** What you have to do **
Copy out once more, exactly, the line with "我们直接进入根目录下的ind" and all the lines after it, up to the last line of the data.
————————
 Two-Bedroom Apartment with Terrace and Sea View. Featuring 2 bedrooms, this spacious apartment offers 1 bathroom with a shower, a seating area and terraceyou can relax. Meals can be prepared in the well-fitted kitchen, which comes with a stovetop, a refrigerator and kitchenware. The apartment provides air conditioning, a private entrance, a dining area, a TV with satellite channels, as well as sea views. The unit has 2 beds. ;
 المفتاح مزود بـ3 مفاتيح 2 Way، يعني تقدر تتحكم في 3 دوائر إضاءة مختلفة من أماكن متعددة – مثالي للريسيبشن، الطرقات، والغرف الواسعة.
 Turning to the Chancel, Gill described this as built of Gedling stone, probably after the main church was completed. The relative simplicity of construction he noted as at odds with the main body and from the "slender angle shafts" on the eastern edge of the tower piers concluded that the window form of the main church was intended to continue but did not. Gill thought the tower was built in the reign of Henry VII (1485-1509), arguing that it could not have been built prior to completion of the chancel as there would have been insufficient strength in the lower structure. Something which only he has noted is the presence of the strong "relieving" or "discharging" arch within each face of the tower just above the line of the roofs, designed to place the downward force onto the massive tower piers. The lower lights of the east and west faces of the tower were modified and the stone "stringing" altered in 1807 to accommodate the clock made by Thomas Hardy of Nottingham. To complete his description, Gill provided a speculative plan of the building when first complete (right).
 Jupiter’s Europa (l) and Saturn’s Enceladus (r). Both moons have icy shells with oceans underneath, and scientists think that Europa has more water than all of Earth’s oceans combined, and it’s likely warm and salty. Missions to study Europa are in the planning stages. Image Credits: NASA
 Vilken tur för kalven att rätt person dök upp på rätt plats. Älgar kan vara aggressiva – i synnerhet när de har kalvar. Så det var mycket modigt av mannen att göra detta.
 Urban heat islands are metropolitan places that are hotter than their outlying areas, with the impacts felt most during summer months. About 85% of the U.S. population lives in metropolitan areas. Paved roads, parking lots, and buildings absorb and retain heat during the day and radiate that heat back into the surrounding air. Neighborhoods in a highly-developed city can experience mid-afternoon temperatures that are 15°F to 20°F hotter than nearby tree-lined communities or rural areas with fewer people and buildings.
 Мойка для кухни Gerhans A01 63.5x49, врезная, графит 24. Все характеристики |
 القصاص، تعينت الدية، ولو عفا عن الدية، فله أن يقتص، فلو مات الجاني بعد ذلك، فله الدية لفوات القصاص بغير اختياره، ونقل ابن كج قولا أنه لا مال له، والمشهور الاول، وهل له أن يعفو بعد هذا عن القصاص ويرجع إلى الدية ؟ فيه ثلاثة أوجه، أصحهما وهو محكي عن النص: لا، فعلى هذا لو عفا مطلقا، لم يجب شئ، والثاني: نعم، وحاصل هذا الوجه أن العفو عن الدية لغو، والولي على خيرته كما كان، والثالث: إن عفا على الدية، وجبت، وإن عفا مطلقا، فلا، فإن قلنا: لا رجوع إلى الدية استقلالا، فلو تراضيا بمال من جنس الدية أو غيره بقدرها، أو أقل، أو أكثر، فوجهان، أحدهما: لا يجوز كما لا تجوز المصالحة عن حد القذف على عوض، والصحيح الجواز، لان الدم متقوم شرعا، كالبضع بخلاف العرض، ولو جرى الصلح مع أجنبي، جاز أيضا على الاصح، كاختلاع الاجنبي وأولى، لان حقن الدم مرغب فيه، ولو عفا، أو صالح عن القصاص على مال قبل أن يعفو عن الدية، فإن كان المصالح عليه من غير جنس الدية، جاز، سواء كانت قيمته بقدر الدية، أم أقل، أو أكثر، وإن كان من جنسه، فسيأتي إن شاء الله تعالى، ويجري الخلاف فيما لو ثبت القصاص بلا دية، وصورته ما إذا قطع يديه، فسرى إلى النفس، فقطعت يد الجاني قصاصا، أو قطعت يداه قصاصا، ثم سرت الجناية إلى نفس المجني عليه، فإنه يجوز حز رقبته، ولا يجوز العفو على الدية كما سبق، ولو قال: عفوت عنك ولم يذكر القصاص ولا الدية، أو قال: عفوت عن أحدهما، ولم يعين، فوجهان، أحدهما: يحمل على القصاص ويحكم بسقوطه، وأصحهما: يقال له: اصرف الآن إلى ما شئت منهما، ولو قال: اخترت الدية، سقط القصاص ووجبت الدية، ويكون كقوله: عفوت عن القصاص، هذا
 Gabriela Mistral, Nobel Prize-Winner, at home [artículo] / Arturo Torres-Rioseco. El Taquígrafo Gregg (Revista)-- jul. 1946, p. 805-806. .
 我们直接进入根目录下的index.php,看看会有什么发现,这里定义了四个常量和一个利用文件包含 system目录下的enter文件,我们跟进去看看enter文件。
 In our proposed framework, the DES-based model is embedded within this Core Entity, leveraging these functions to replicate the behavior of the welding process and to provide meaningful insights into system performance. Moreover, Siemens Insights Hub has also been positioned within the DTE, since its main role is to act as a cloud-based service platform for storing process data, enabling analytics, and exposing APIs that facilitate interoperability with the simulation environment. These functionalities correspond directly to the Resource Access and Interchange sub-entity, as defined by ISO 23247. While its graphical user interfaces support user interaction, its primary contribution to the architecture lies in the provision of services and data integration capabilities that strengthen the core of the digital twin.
————————
** Solution for this exercise **
 我们直接进入根目录下的index.php,看看会有什么发现,这里定义了四个常量和一个利用文件包含 system目录下的enter文件,我们跟进去看看enter文件。
 In our proposed framework, the DES-based model is embedded within this Core Entity, leveraging these functions to replicate the behavior of the welding process and to provide meaningful insights into system performance. Moreover, Siemens Insights Hub has also been positioned within the DTE, since its main role is to act as a cloud-based service platform for storing process data, enabling analytics, and exposing APIs that facilitate interoperability with the simulation environment. These functionalities correspond directly to the Resource Access and Interchange sub-entity, as defined by ISO 23247. While its graphical user interfaces support user interaction, its primary contribution to the architecture lies in the provision of services and data integration capabilities that strengthen the core of the digital twin.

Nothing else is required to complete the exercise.